TRIUMPH Motorcycles and British TT racer Guy Martin have announced a September attempt on the six-year-old motorcycle world speed record at America’s Bonneville Salt Flats.

The team blew the dust off its 746kW twin-engine streamliner motorcycle at the iconic 18km salt strip in Utah last month, reaching 274.2 miles per hour (441.2km/h) in practice runs.

While that was well short of the 376.3mph (605.7km/h) world record for Division C motorcycles set in 2010 by American rider Rocky Robinson in his Ack Attack streamliner powered by twin four-cylinder Suzuki Hayabusa turbo-charged engines, it still made the Triumph Rocket Streamliner the fastest Triumph to ever turn a wheel.

But the August practice was designed to both test the 7.4-metre-long Rocket and also give Martin time to master the controls in readiness for a flat out attempt in September when – weather gods permitting – the conditions at Bonneville should be at their best.

Powered by two turbo-charged three-cylinder Rocket III engines running on methanol and revving to 9000rpm, the streamliner is encased in a carbon-Kevlar body just 61cm wide where 34-year-old Martin reclines behind the controls.

Englishman Martin, who has scored 15 podium finishes in the Isle of Man TT race, said in a statement on his website that he got the hand of steering the machine “pretty quickly” and then it was a case of building up speed.

“Wind is a big thing out here, so it is not just a case of jumping in and twisting the throttle,” he said.

Martin said the team “chipped away” and ended up with a best run of 274.2mph (441.2km/h).

“Everyone was dead happy, but that’s just one step to where we want to be,” he said.

Team chief and designer of the Triumph streamliner Matt Markstaller said that while conditions at Bonneville had been some of the best seen there in recent years, there was “still room for improvement”.
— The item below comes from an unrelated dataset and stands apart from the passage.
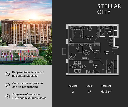 Купить 2к квартиру 61 м² в ЖК Stellar City (Стеллар Сити)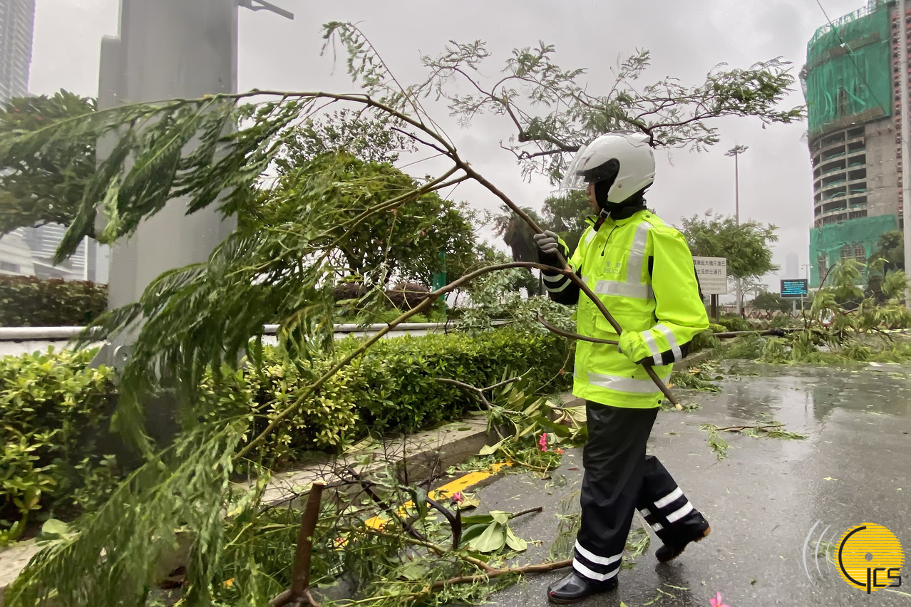 治安警察局澳门警务厅及策划行动厅人员与市民合力清障

“When chasing a record such as this on two wheels, the conditions have to be the very best they can be, to give us the greatest chance of achieving the speeds we require to set a new record,” he said. “We feel that waiting a few further weeks will provide us with even better conditions and put us in the ideal position to make our record attempt.”

Thrill-seeker Martin, who has twice broken his back in motorcycle racing crashes, is no stranger to world speed records having set new marks for snow sled (134.3km/h), soapbox (137.7km/h) and motorcycle ridden in a wall of death cage (125.7km/h).

He also holds the British record for a hovercraft at 121km/h.

Like all these speed attempts, the Triumph attempt at Bonneville is being filmed for television in Britain where Martin is a TV cult hero.

At 2.3 litres, the Rocket III’s three-cylinder engine is the biggest series production engine in world of motorcycling, and bolting two of them together endows the Streamliner with a whopping 4.6 litres.

The Bonneville name has been associated with Triumph since 1956 when Texan speed freak Johnny Allen set a land speed record of 193.72 mph (311km/h) on a Triumph-powered streamliner, the Texas Ceegar.

Triumph honoured the event by unveiling the first T120 Bonneville at the Earls Court Bike Show in in London 1959.